**What the task asks**. Pictures stay out; please output the remaining data exactly.

**Information supplied**.
+++

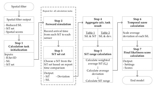 After crossing the spatial filter, the final SiLs are narrowed down (e.g., Nodes 1, 2, 3, 4, and 5 for the sample network). The spatial filter outputs the final SiLs with a set of SiTs calculated from the generated random sets, as listed in Table 3. The temporal filter aims to reduce the SiT into a minimized time range for each SiL, as shown in Figure 1. The overall process of the temporal filter is illustrated in Figure 6, followed by the explanations of each step.
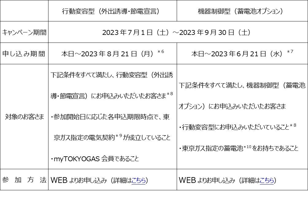 *4:昨年度までの東京ガスの節電キャンペーンにご参加いただいたお客さまは、行動変容型へのお申込みは不要です。蓄電池オプションに参加される場合のみお申込みが必要です。
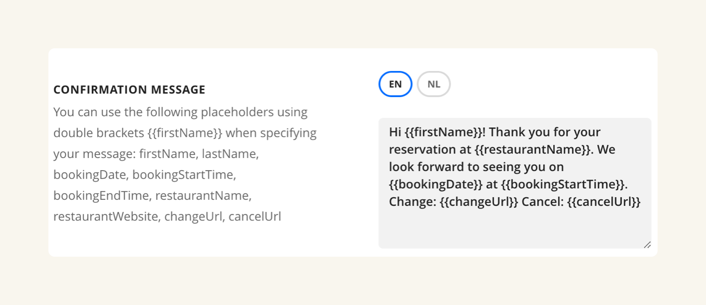 Hi #{{firstName}}, hartelijk dank voor je reservering bij #{{restaurantName}}. We kijken ernaar uit om je te ontvangen op #{{bookingDate}} om #{{bookingStartTime}}! Als je om wat voor reden dan ook je reservering wenst te wijzigen, kan dat via #{{changeUrl}} of je kunt annuleren via #{{cancelUrl}}. Tot snel! |

+++

**Written answer**.
 After crossing the spatial filter, the final SiLs are narrowed down (e.g., Nodes 1, 2, 3, 4, and 5 for the sample network). The spatial filter outputs the final SiLs with a set of SiTs calculated from the generated random sets, as listed in Table 3. The temporal filter aims to reduce the SiT into a minimized time range for each SiL, as shown in Figure 1. The overall process of the temporal filter is illustrated in Figure 6, followed by the explanations of each step.
 *4:昨年度までの東京ガスの節電キャンペーンにご参加いただいたお客さまは、行動変容型へのお申込みは不要です。蓄電池オプションに参加される場合のみお申込みが必要です。
 Hi #{{firstName}}, hartelijk dank voor je reservering bij #{{restaurantName}}. We kijken ernaar uit om je te ontvangen op #{{bookingDate}} om #{{bookingStartTime}}! Als je om wat voor reden dan ook je reservering wenst te wijzigen, kan dat via #{{changeUrl}} of je kunt annuleren via #{{cancelUrl}}. Tot snel! |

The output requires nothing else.